Maternità surrogata, la legge in Italia e nel mondo tra dubbi e paure

Di Patrizia Oliverio


La maternità surrogata è un metodo di riproduzione assistita in cui una donna provvede alla gestazione per conto di una o più persone, che saranno il genitore o i genitori del nascituro.

Ci sono due tipi di maternità surrogata.

  • Quella più comune è quella gestazionale, in cui la madre surrogata si limita a portare avanti la gravidanza dopo che le viene impiantato nell'utero un embrione realizzato in vitro, che può essere geneticamente imparentato con i genitori committenti o provenire da donatrici.
  • C'è poi quella tradizionale, in cui la madre surrogata rimane incinta attraverso l'inseminazione artificiale di un proprio ovulo, risultando così la madre biologica del bambino.

La maternità surrogata - altrimenti detta "utero in affitto" - coinvolge una donna che viene inseminata oppure che ha un embrione impiantato nel suo utero.

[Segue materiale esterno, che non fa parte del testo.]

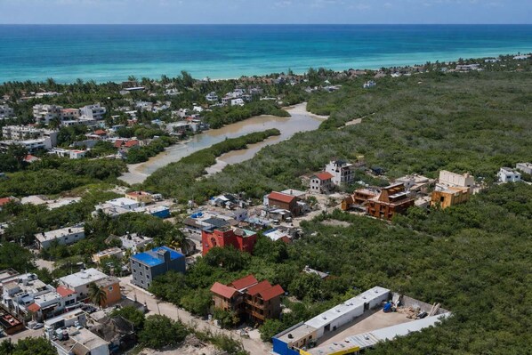 Close enough to walk in a few minutes to the center of the island, the best restaurants, stores, bars and the beach (everything is 5, 7 and 10 blocks away.

La comparazione tra i diversi sistemi giuridici mette in evidenza una gamma di soluzioni profondamente diverse tra loro. Ad esempio, nel mondo gli accordi di maternità surrogata sono ammessi e regolati mediante un’apposita disciplina in Russia, India e Gran Bretagna; in alcuni paesi degli Stati Uniti e dell’Australia sono state introdotte soltanto delle linee guida, mentre in Belgio, Finlandia e Grecia tali accordi sono ritenuti validi pur in assenza di una specifica normativa sul punto.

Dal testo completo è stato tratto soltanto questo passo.